In a sense, our bodies are instruments
of the healing that comes from without.
And then reason #5: even though we tap the healing energy from Nature, we must also be sure that our own vital lifeforce is strong enough to withstand negative influences during the energy-healing. It is not unusual for healers to inadvertently absorb the illness of the patient back upon themselves when their own chi is weak to begin with.
Therefore, before any healing can take place, the healer must ensure that his own lifeforce is strong enough to resist the negative influence of his/her intended target. Otherwise what good will it do if the healer is able to help the one healed only to result in his/her own poor health? So after every energy healing, it is important to drain out any excess negative energy that might linger during the transfer — as it so often happens.

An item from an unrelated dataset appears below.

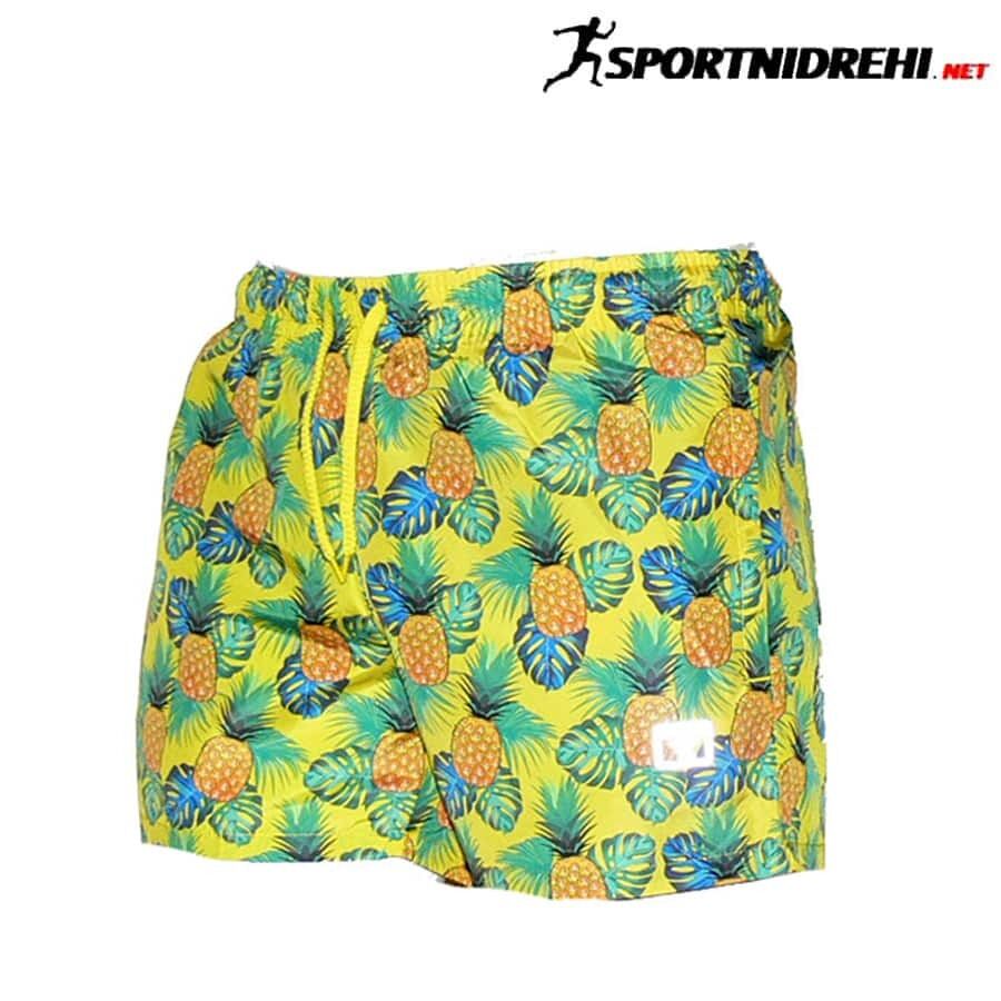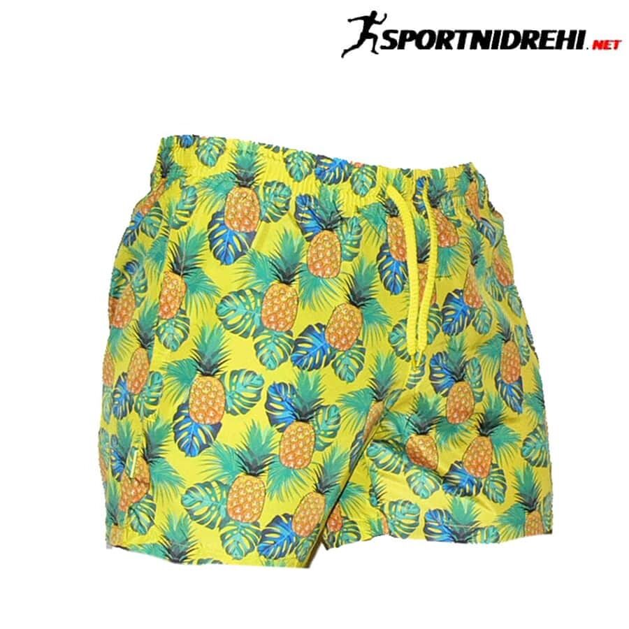 Мъжки бански REPTIL, ананаси, полиестер. Произведено в България. Материята е бързосъхнещ полиестер. Банските имат 2 джоба отпред с ципове, мрежест бандаж и връзки за стягане.

Lastly, the healer must remember to close the energy gates of both his/her own, as well as the person being healed. If the energy gates are not properly closed, the energy will continue to drain, resulting in chronic fatigue, increased weakness and lack of energy.
For the same reason, beginners and practitioners whose yi consciousness is not fully developed, should not attempt any energy healing, as often, they are also unable to close the energy gates sufficiently to prevent this energy drain.
Usually, the healer will open the energy gates to increase the reception of the one being healed. However, after every energy healing, the healer must always be reminded to close those gates again.
Sometimes, the practitioner closes the gates, only to have them open again later, because the healer’s yi mind was not strong enough to close them sufficiently. The yi consciousness must therefore be developed strongly enough to withstand the force of the circulating energy that may inadvertently push the gates open again.
Qigong healing is not as simple as most people think. It is a mental discipline that requires many years of intensive training to develop the vital chi and the yi consciousness to their fullest potential.
Therefore, anyone who tells you there is a quick safe way to become proficient in energy healing would meet with my deepest skepticism. Let me emphasize again, there are no quick fixes in qigong.